Abarbanel, speaking about her Israeli citizenship, continues: ‘It was after I watched (on Australian TV) Ariel Sharon march to Al-Aqsa Mosque on Haram al-Sharif in Jerusalem with an entourage of security guards. It was clear to me that it was a deliberate and provocative act and sure enough it sparked the second Intifada.

‘I have always been uneasy about Israel and thought that something wasn’t right there, but didn’t know anything about our real history. I felt that what Sharon did was the last straw for me and I called the Israeli consulate in Sydney and asked for an application form to renounce my citizenship. What he did seemed so profoundly wrong, arrogant and disrespectful that I felt that I didn’t want to be a member of that “club” anymore.
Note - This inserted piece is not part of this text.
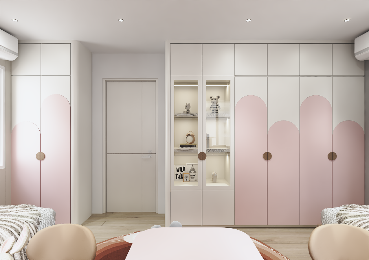 ubah warna dalam lemari kaca tembus menjadi pink muda

‘I couldn’t continue to belong to and have the citizenship of a country like Israel. It was a symbolic act of course because under the Israeli Law of Return, which applies to Jews only, I can technically get my citizenship back any time. But this act was important to me to send a message to Israel and to the world that I no longer want to be associated with that country.

‘I am called a traitor and plenty of other names too. Those who attack me try to appeal to some sense of tribal guilt that they think I might still have somewhere deep inside, in order to silence me. But I don’t feel guilty anymore. I feel relief and feel more comfortable with myself that at least in this area I live according to my values.

‘I don’t advocate that everyone who is an activist for Palestinian rights or every anti-Zionist renounce their Israeli citizenship. It’s just something I had to do to be able to live with myself. So I feel fine. Of course I also feel a lot of grief over losing the place I was born and grew up in.

‘I lost all my childhood friends, almost all of my family and everything that was once a part of my life. Nothing connects me to my history and that is really sad sometimes. It’s a pity that anyone should have to go through this, but the price I have been paying is tiny compared with what every Palestinian is paying every day. I am not the victim here, they are.

‘I pay my price willingly because it is the least I can do for the fact that I once was a member of that society, that I served in that military, that I supported Zionism without understanding that I was supporting a settler-colonial project and that even after I left Israel I was still an apologist for Israel for at least a decade.

‘I am ashamed of my history and how long it took me to wake up to the truth. So feeling some grief over what I have lost is a small price to pay. I accept it willingly and lovingly.’

She added: ‘I feel completely devastated and heartbroken for my fellow human beings and I feel angry with Israel and the rest of the world. I feel terrible for the people of Gaza. They are ordinary people like me and everyone I know, yet they are treated as less than human.’

‘Some people started to realise that what is happening is wrong and set up somewhere to talk about it. “Breaking the Silence” is an Israeli organisation of ex-soldiers and officers, started as a way of giving a voice to soldiers who question what they did in their military service.

‘There are many testimonies on their website and they also published a book with many of these testimonies. These people are vilified in Israel and are treated as traitors, but reading their stories and what they say about the process they have gone through can give you a pretty good idea about how young people are indoctrinated in Israel.

‘It’s easier to kill a Palestinian man, woman and child when you cannot see them as a human being. Israel teaches its people to dehumanise the Palestinian people. They are trapped in the largest open air prison and are entirely at Israel’s mercy.’